Work to be completed:
Below are some records. Return exactly the lines from the one with "12 Dichaea sp. 3" to the one with "IMPACTO. La precarización", and nothing else.

START Data extracts

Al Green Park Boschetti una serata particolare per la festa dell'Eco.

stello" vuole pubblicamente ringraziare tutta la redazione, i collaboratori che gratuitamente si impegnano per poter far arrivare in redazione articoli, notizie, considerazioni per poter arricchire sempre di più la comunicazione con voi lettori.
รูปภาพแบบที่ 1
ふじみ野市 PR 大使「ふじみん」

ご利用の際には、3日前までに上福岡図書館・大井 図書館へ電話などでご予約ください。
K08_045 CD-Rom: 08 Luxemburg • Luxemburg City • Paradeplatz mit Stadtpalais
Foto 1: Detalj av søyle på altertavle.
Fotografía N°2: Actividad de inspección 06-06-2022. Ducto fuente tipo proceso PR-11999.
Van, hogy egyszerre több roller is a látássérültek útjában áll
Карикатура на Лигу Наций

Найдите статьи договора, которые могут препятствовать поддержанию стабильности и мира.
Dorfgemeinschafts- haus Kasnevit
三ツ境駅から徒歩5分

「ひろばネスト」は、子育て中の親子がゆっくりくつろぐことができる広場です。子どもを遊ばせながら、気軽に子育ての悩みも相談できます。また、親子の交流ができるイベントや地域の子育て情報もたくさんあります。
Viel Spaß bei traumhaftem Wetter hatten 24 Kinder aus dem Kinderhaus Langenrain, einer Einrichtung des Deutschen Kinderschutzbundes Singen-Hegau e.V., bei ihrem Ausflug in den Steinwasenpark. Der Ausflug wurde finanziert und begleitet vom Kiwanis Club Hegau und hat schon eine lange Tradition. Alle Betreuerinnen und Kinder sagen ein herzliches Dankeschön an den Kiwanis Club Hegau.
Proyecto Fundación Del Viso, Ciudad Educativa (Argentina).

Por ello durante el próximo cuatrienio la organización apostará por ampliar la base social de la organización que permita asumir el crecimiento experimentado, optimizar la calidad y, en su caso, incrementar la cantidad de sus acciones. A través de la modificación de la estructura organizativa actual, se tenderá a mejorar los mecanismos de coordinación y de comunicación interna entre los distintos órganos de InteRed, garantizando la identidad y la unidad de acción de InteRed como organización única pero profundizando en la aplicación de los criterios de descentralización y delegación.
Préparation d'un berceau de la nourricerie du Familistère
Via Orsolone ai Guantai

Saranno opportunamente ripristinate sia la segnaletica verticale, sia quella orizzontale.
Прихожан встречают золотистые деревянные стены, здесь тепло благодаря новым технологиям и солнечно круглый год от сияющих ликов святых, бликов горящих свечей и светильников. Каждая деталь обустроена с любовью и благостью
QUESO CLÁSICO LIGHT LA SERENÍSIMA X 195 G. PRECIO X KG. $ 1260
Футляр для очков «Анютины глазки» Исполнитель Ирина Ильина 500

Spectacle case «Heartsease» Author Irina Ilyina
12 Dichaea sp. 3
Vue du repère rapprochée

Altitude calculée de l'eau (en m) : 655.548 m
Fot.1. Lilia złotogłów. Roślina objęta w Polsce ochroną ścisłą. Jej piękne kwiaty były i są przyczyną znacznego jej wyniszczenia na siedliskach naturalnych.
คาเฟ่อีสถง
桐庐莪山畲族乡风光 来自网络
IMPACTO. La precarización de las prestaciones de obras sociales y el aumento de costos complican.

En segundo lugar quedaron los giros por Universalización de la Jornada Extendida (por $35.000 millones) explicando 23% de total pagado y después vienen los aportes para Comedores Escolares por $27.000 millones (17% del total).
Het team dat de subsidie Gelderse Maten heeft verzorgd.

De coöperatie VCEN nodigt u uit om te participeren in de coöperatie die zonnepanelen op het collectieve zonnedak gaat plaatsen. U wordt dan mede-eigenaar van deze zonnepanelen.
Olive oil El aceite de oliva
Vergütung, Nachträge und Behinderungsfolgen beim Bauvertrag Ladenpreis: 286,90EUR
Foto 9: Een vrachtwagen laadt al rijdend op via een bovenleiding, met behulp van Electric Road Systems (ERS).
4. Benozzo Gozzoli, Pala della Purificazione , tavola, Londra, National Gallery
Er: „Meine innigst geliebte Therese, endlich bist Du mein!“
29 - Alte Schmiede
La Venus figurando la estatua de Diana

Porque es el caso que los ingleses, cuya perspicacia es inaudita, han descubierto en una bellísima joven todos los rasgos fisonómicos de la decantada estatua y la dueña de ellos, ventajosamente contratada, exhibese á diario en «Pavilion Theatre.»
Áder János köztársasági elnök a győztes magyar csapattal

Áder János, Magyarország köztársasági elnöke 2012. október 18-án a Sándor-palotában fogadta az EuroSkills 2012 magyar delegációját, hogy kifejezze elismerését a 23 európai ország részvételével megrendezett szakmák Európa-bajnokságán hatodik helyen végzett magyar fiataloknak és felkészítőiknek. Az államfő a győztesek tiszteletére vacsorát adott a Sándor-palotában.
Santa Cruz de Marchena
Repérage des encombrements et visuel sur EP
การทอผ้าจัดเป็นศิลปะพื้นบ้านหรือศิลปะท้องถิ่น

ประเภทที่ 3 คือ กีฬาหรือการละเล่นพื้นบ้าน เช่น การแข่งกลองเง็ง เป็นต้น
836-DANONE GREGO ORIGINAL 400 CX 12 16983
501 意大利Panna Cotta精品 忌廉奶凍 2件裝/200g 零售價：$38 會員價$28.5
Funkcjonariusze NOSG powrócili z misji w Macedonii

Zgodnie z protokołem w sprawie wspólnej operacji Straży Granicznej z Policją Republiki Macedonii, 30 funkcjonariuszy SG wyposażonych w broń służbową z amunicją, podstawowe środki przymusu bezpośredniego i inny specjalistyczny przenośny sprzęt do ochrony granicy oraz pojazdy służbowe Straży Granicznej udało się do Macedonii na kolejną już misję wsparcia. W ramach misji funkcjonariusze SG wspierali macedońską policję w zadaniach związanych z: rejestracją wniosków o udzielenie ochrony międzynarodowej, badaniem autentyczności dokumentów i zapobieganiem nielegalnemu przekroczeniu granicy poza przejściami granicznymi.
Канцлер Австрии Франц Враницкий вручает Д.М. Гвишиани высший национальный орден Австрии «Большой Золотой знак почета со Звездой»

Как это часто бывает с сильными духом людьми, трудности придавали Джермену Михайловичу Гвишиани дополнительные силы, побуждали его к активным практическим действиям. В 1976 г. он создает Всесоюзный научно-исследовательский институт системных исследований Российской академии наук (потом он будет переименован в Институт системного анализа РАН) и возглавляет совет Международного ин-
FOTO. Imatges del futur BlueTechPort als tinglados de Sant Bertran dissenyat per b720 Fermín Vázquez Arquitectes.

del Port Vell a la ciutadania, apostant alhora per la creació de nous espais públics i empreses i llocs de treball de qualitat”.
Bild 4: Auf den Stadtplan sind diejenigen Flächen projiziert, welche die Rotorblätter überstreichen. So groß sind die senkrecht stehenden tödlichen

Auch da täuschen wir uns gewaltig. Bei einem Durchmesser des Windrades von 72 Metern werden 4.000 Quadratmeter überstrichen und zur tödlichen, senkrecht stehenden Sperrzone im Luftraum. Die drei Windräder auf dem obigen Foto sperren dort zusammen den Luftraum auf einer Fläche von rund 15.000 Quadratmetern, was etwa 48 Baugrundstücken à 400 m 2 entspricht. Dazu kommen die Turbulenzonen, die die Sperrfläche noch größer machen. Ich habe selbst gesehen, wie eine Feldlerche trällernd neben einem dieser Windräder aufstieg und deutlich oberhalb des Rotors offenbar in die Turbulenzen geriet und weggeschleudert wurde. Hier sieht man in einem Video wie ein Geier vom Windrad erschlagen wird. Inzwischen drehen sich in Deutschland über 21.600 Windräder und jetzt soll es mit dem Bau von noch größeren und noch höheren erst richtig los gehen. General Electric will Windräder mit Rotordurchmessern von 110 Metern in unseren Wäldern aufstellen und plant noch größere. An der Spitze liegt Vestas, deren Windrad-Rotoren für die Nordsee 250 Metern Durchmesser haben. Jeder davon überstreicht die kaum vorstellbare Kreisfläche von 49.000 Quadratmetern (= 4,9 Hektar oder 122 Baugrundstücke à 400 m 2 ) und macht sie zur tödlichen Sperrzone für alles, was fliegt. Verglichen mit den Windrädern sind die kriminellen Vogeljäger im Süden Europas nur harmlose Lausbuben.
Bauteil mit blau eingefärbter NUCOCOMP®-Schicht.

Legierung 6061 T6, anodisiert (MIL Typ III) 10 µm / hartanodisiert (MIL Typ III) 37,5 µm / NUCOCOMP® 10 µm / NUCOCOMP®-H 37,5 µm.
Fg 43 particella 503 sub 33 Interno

END Data extracts

Expected output:
12 Dichaea sp. 3
Vue du repère rapprochée

Altitude calculée de l'eau (en m) : 655.548 m
Fot.1. Lilia złotogłów. Roślina objęta w Polsce ochroną ścisłą. Jej piękne kwiaty były i są przyczyną znacznego jej wyniszczenia na siedliskach naturalnych.
คาเฟ่อีสถง
桐庐莪山畲族乡风光 来自网络
IMPACTO. La precarización de las prestaciones de obras sociales y el aumento de costos complican.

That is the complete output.